An algorithm, not a doctor, predicted a rapid recovery for Frances Walter, an 85-year-old Wisconsin woman with a shattered left shoulder and an allergy to pain medicine. In 16.6 days, it estimated, she would be ready to leave her nursing home.


On the 17th day, her Medicare Advantage insurer, Security Health Plan, followed the algorithm and cut off payment for her care, concluding she was ready to return to the apartment where she lived alone. Meanwhile, medical notes in June 2019 showed Walter’s pain was maxing out the scales and that she could not dress herself, go to the bathroom, or even push a walker without help.


It would take more than a year for a federal judge to conclude the insurer’s decision was “at best, speculative” and that Walter was owed thousands of dollars for more than three weeks of treatment. While she fought the denial, she had to spend down her life savings and enroll in Medicaid just to progress to the point of putting on her shoes, her arm still in a sling.


Health insurance companies have rejected medical claims for as long as they’ve been around. But a STAT investigation found artificial intelligence is now driving their denials to new heights in Medicare Advantage, the taxpayer-funded alternative to traditional Medicare that covers more than 31 million people.

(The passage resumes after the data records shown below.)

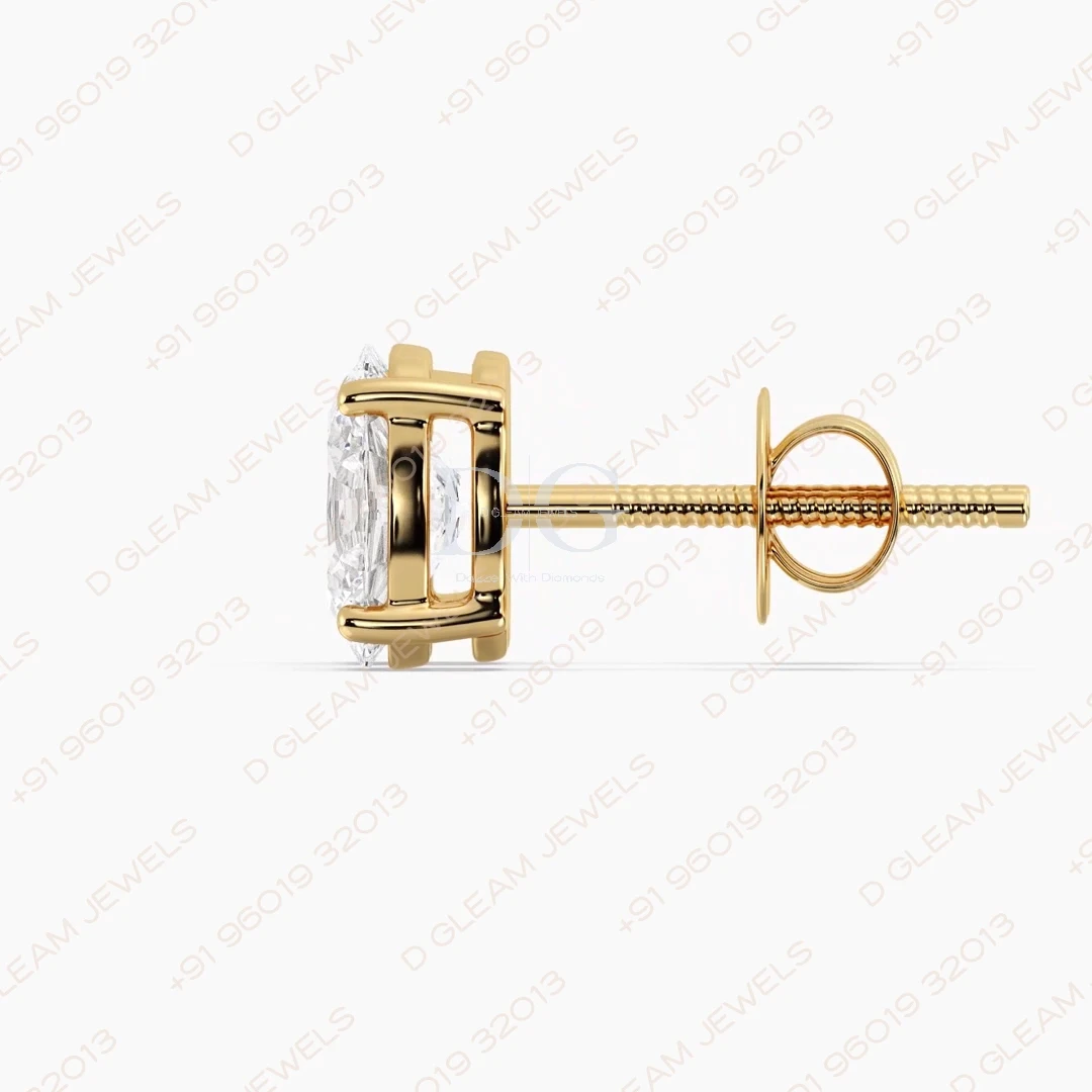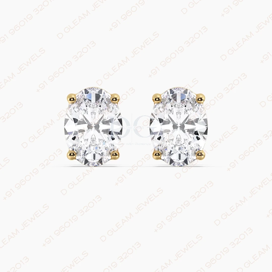 Four Prong Oval Lab Diamond Stud Earrings Trendy Square Profile Rose Gold & White Gold for Engagement Wedding Parties Gifts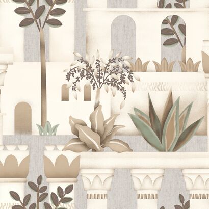Tapeta winylowa na flizelinie z kolekcji "Nomade", producenta Ugepa. Motyw w stylu etno inspirowany śródziemnomorską stylistyką, utrzymany w stonowanej kolorystyce. Drzewa i sukulenty na tle egipskiej architektury mają tutaj spokojne odcienie ecru, beżu, brązu, szarości i zieleni. Delikatnie tłoczona struktura tapety imituje tkaninę, wykończenie jest matowe. Dekoracja, która ożywi wnętrze i sprawi, że aranżacja nabierze przytulnego i odprężającego charakteru. W oryginalny sposób odmieni styl salonu, jadalni, sypialni, a nawet kuchni, czy też łazienki. Świetnie będzie współgrać z meblami i dodatkami wykonanymi z naturalnych materiałów i w neutralnych kolorach. Aby uzyskać spójną aranżację wnętrza warto zastosować tapetę jako dekorację jednej ściany i zestawić z pasującymi do niej tapetami o numerach: M61914 i M33404.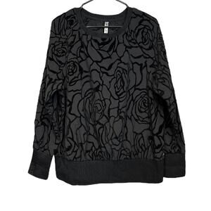 Fabletics Lola Back at it Black Rose Print Flock Long Sleeve Top Size M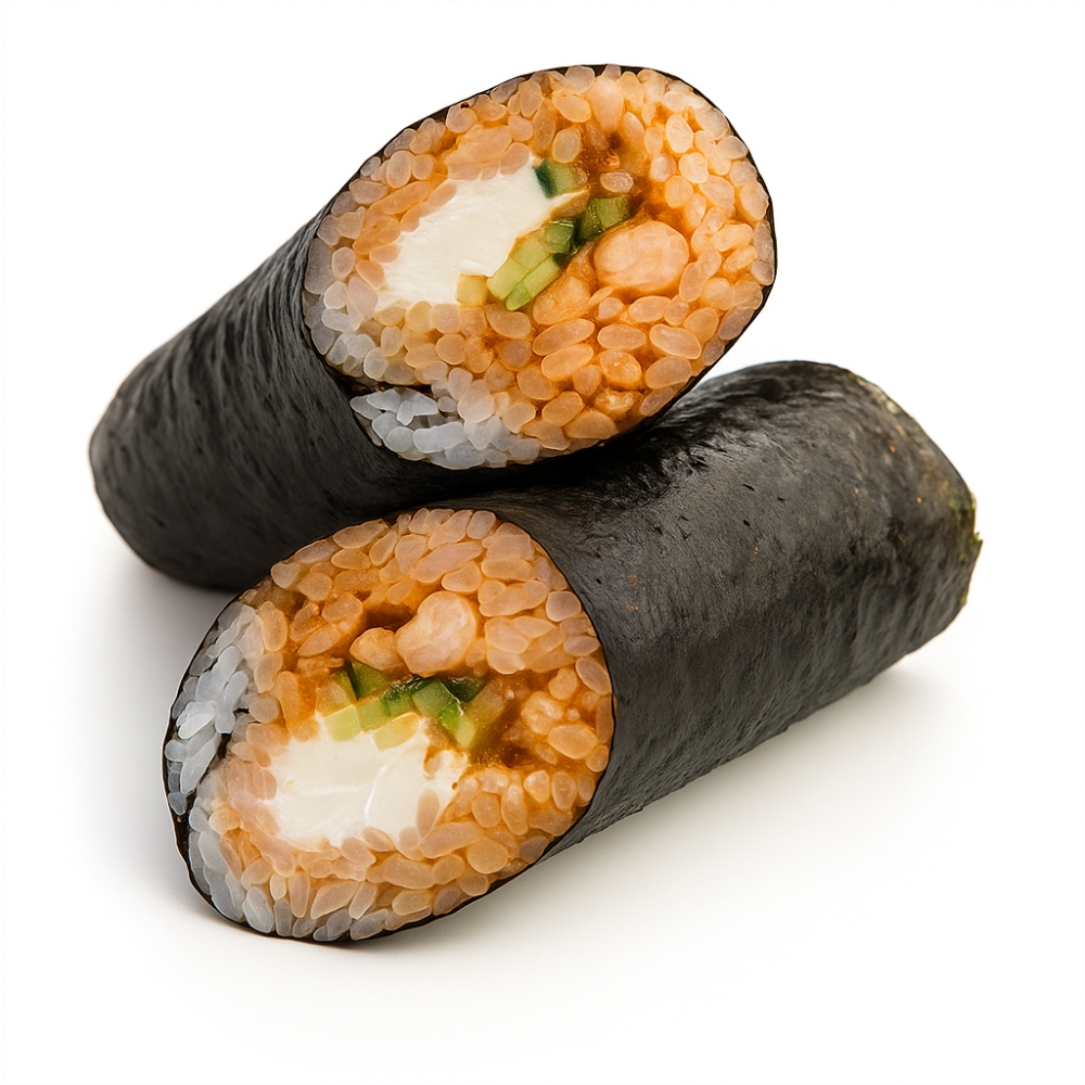 Креветки тигровые вареные, рис, нори, огурец свежий, сыр сливочный, соус Том Ям, соевый соус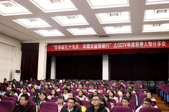 贵大新闻讯(记者团 赵昱 实习记者 陈婷婷 报道|摄影 杨林)12月5日晚,由校团委主办、学生社团联合会承办的“青春礼赞十九大,实践公益砥砺行”之CCTV年度慈善人物——余太湖分享会在北校区行政楼一号报告厅举行。中华宋庆龄基金疑难病专家委员会贵州分会会长周国强,贵州省同心光彩事业基金会“快乐助学金”项目发起人俞建辉,以及校团委组织部副部长、社团联合会指导老师廖银莅临大会。第四届CCTV慈善人物、最美“讨书哥”余太湖担任分享会主讲。

Behind the scenes, insurers are using unregulated predictive algorithms, under the guise of scientific rigor, to pinpoint the precise moment when they can plausibly cut off payment for an older patient’s treatment. The denials that follow are setting off heated disputes between doctors and insurers, often delaying treatment of seriously ill patients who are neither aware of the algorithms, nor able to question their calculations.

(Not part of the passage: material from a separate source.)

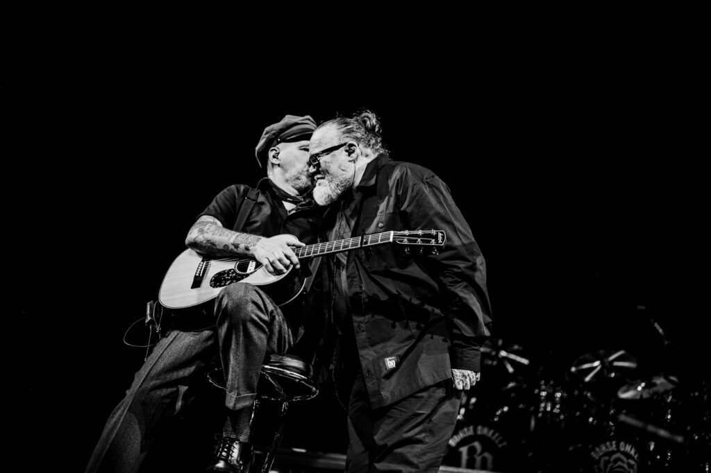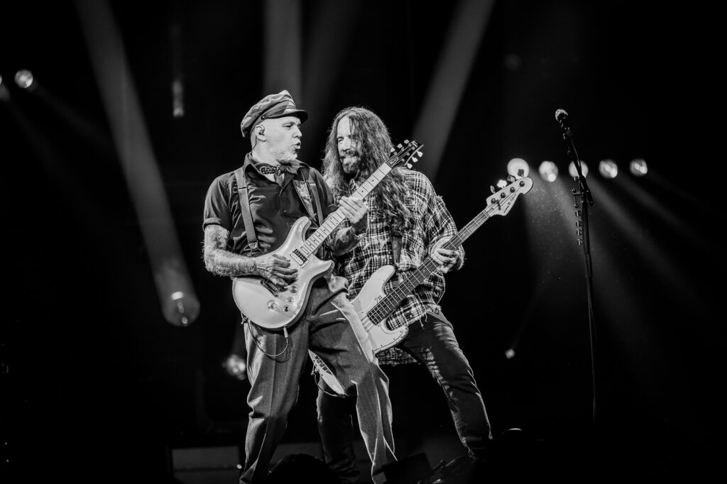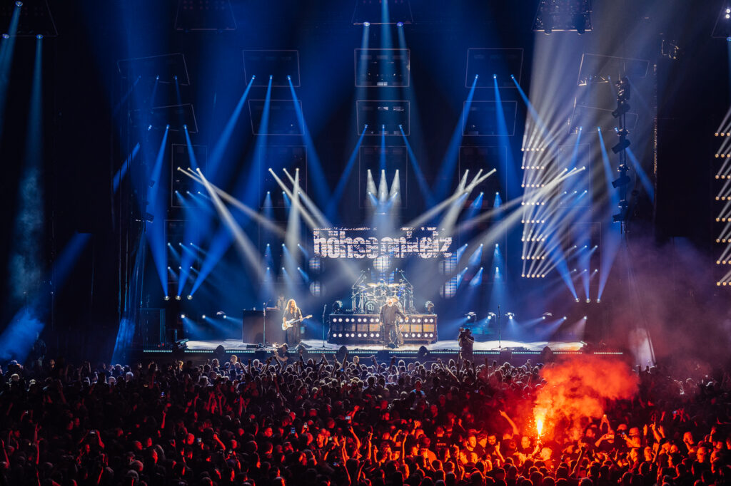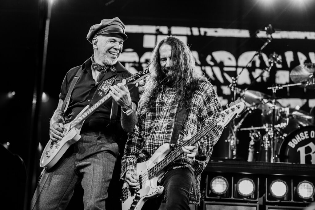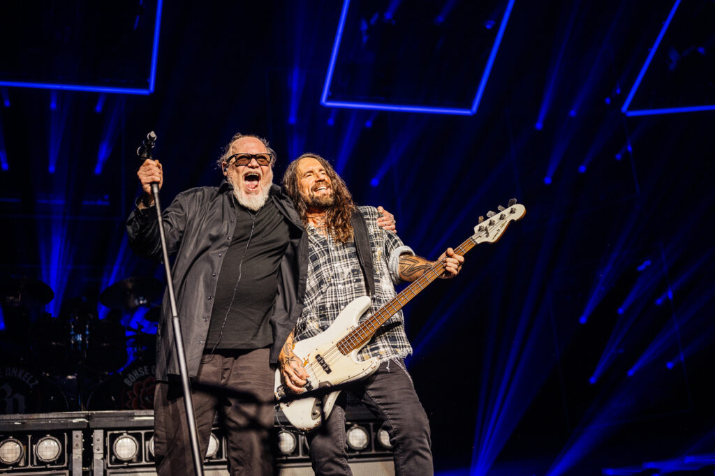 Wie bereits 2022 war die ZAG Arena auch in diesem Jahr organisatorisch wieder ganz vorn mit dabei. Freundliches Personal, das ihre Aufgaben kennt und beherrscht, führten im Ergebnis auch in diesem Jahr zu einem reibungslosen Ablauf beim Einlass. Die Stimmung unter den Fans war daher bereits von Beginn an ausgelassen und voller Vorfreude auf die beiden kommenden Abende mit den Onkelz. Pünktlich um 20:45 Uhr war es dann soweit – Licht aus, die Onkelz sind im Haus! Mit „Hier sind die Onkelz“, „Finde die Wahrheit“ und „Gehasst, verdammt, vergöttert“, setzt die Band Abend für Abend auf dieser Tour bereits in den ersten 15 Minuten ein Statement, dass ihnen live noch immer der Funken von der Bühne auf die Fans gelingt. Gerade „Gehasst, verdammt, vergöttert“ wird von Gonzo mit so einer großen Spielfreude und Leidenschaft vorgetragen, dass es mir immer und immer wieder ein Lächeln ins Gesicht zaubert, ihm dabei zuzuschauen.

Older people who spent their lives paying into Medicare, and are now facing amputation, fast-spreading cancers, and other devastating diagnoses, are left to either pay for their care themselves or get by without it. If they disagree, they can file an appeal, and spend months trying to recover their costs, even if they don’t recover from their illnesses.

“We take patients who are going to die of their diseases within a three-month period of time, and we force them into a denial and appeals process that lasts up to 2.5 years,” Chris Comfort, chief operating officer of Calvary Hospital, a palliative and hospice facility in the Bronx, N.Y., said of Medicare Advantage. “So what happens is the appeal outlasts the beneficiary.”


The algorithms sit at the beginning of the process, promising to deliver personalized care and better outcomes. But patient advocates said in many cases they do the exact opposite — spitting out recommendations that fail to adjust for a patient’s individual circumstances and conflict with basic rules on what Medicare plans must cover.


“While the firms say [the algorithm] is suggestive, it ends up being a hard-and-fast rule that the plan or the care management firms really try to follow,” said David Lipschutz, associate director of the Center for Medicare Advocacy, a nonprofit group that has reviewed such denials for more than two years in its work with Medicare patients. “There’s no deviation from it, no accounting for changes in condition, no accounting for situations in which a person could use more care.”


Medicare Advantage has become highly profitable for insurers as more patients over 65 and people with disabilities flock to plans that offer lower premiums and prescription drug coverage, but give insurers more latitude to deny and restrict services.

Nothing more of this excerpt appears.